After Spring Breakers, The Florida Project and now Zola, there are slowly becoming enough flicks showing the depravity and trashiness of the Sunshine State, that there could be a new film genre called The Florida Girl movie. The girls in these movies and their companions have had all morality melted by the humidity and stupidity surrounding them. There are no lessons learned in these Florida Girl movies, rather they are character studies giving the other 49 states a superiority complex and reason for them to root for the Florida peninsula to sink underwater.
The newest Florida Girl movie Zola has gained some notoriety for being the first feature film to be based on a series of Tweets. It’s kind of like Battleship a few years ago bragging about being a movie based on a board game. You’re going to get the kind of depth you’d expect from these unlikely source materials.
Zola much too faithfully adapts the Twitter thread of a stripper who recounted her misadventures of heading down to Tampa with another stripper and a couple of strange dudes. What follows is sex, violence, and mayhem. What’s lacking is a point for us watching it all. There was one funny joke and one creepy moment that made me wonder what would come next, but I kept waiting for a reason why this story needed to be told, other than to demonstrate how far an R rating can go.
As the credits rolled I continued to wait.
I’m still waiting.
Zola wasn’t a complete waste of time. The cast stays committed to their crazy characters, and director Janicza Bravo crafted some interesting shots, though they aren’t for the prude at heart, as her most inspired framing involves women urinating and bare penises. But someone should have realized a story that works for a seven minute scroll on Twitter might not have enough poignancy for a ninety minute film.
The Boss Baby: Family Business
The new cartoon sequel of the 2016 cartoon The Boss Baby makes up for Zola‘s lack of plot with enough story for two or three movies. The original The Boss Baby was an animated reincarnation of Look Who’s Talking exploiting the comedy inherent in babies talking like adults. Some said it captured the zeitgeist of 2016 in that the boss baby was voiced by Alec Baldwin who also imitated Donald Trump on Saturday Night Live.

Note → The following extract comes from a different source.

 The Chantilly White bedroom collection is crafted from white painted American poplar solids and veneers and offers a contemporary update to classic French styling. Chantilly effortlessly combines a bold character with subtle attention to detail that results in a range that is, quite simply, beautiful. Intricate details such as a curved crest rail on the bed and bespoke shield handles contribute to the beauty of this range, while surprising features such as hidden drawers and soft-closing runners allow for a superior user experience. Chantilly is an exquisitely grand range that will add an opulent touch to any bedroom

But now it’s 2021 and everyone is sick of the Donald and his imitators. So where does the Boss Baby fit in Biden’s America?

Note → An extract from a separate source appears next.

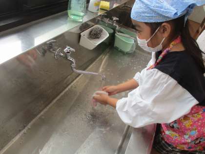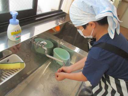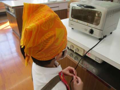 10月24日(木)2時間目、サツマイモの調理実習をしました。みんなで何を作るか話し合ったときに、やきいもの希望が多かったので。やきいもを作りました。まず水で丁寧に洗い、アルミホイルで包みました。アルミホイルを切るときは、サツマイモの大きさを見て、包める大きさを自分で考えて切りました。包んだ後は隙間がないかしっかりチェックしました。オーブントースターに入れて5分間加熱しました。みんな出来上がりが楽しみなようでした。5分後、見てみると中心がまだできていないようなのでもう5分間加熱しました。いい香りが漂ってきて待ちきれないようでした。オーブントースターから取り出して、自分のお皿に置き、熱いので気を付けながらアルミホイルをはがすととても美味しそうなやきいもが出来上がっていました。中はホクホクでみんなよろこんで食べていました。簡単にできるので「家でやってみる!」と言っていました。後片付けもしっかり自分たちでして、楽しい調理実習になりました。

It fits in my 8 year old daughter’s heart, that’s for sure. She demanded to watch it all three times the reviewer screener was available to us before it self-destructed.

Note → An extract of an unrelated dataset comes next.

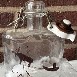 En glasflaska. Se bilder för detaljer. Kan også sendes fra Norsk postkontor.

“What’s happening?” I asked her several times like when it was unclear to me why a character was singing a Cat Stevens song.
“I don’t know. There’s a lot of action,” she said as she went back to playing on her tablet while sucking in The Boss Baby: Family Business by osmosis.
Near as I can tell the heroes from the original movie are now grown up. One of the grown up kids now has a boss baby of his own. And the adults are transformed back into kids to stop an evil baby from turning all adults into mindless zombies.
I’m not sure why they went away with what made the first movie decent in exploring the comedy of babies acting like over serious adults, but I guess it works for kids.